Return Stack Buffer Underflow (RSBU)

Introduction

The branch target injection exploit targets a processor’s indirect branch predictor. Direct branches occur when the destination of the branch is known from the instruction alone. Indirect branches1, on the other hand, occur when the destination of the branch is not contained in the instruction itself, such as when the destination is read from a register or a memory location. The indirect branch predictor uses information about previously-executed branches to predict the destinations of future indirect branches.

Programmers’ use of function pointers in compiled languages, like C and C++, can result in indirect calls. For instance, sort functions are frequently passed a comparison function.

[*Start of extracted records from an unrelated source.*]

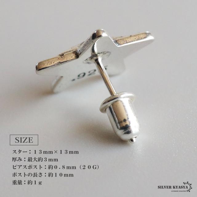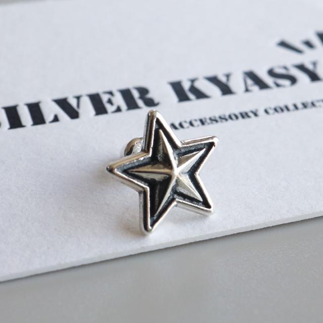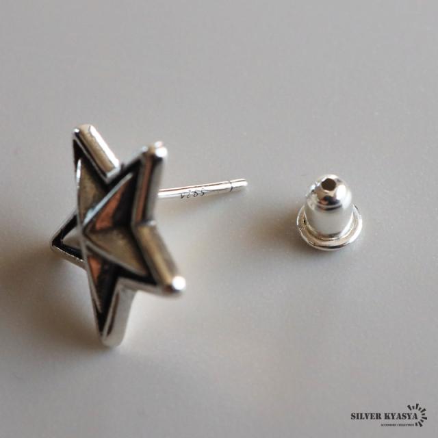 シルバー925 スターピアス 星ピアス シルバーピアス スタッドピアス ブラックライン アンティーク 大人 ワンポイント 燻し 立体的 片耳1点 レディース 女性 金アレ対応
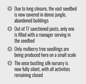 Acting Farm Manager of Ishwardi Silk Nursery Md. Khokon Ali told The Financial Express, "Out of 17 posts in the Ishwardi Silk Seedbed, I am the only one who is working in one post.
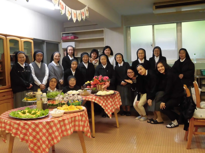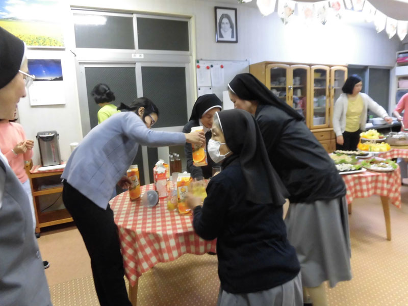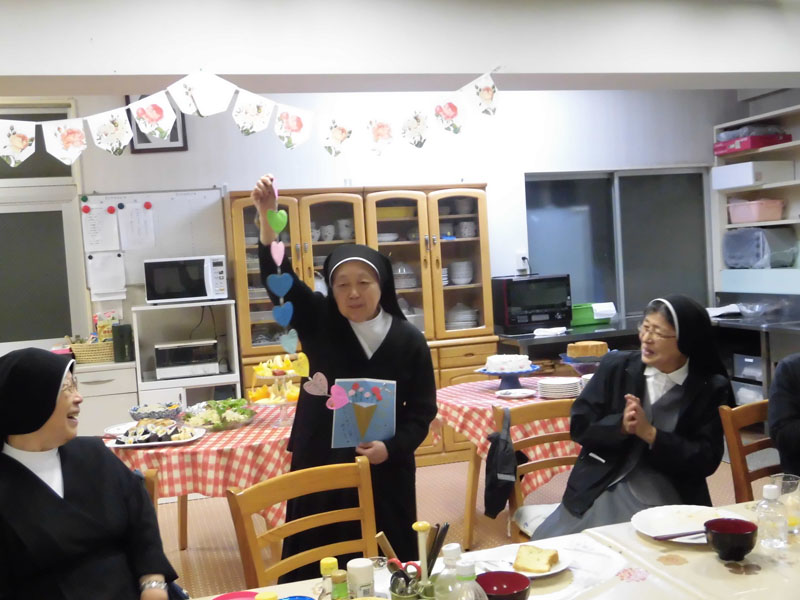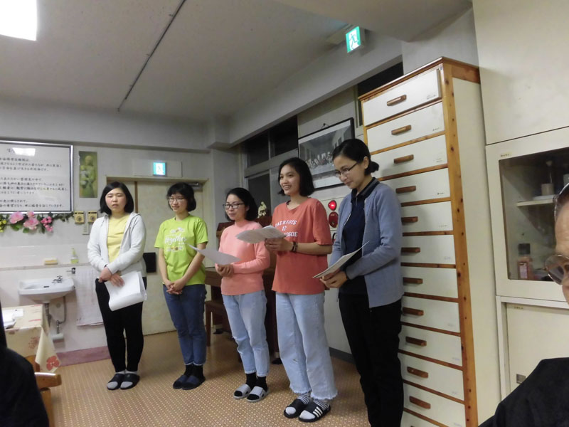 アカデミアでは歌のプレゼント、何日間も秘密で練習してきました。そのかいあって院長様をはじめシスター方を感動させることができ、私たちも喜びいっぱいです。感謝!!

Each call from inside sort() to compare() in the example below is likely to be an indirect call.

int compare(int a, int b)
{
    return a < b;
}
sort(array, &compare);

In C++, calls to object functions are frequently implemented with indirect calls, especially when inheritance is being used.

Vehicle *car = new Car();
car->drive();

In addition to indirect branches that are performed explicitly by programmers, the compiler itself might insert indirect branches without the programmer ever being aware of them.

Exploit Composition

An exploit using branch target injection is composed of five specific elements, all of which are required for successful exploitation. Traditional application software which is not security-sensitive needs to be carefully evaluated for all five elements before applying mitigation.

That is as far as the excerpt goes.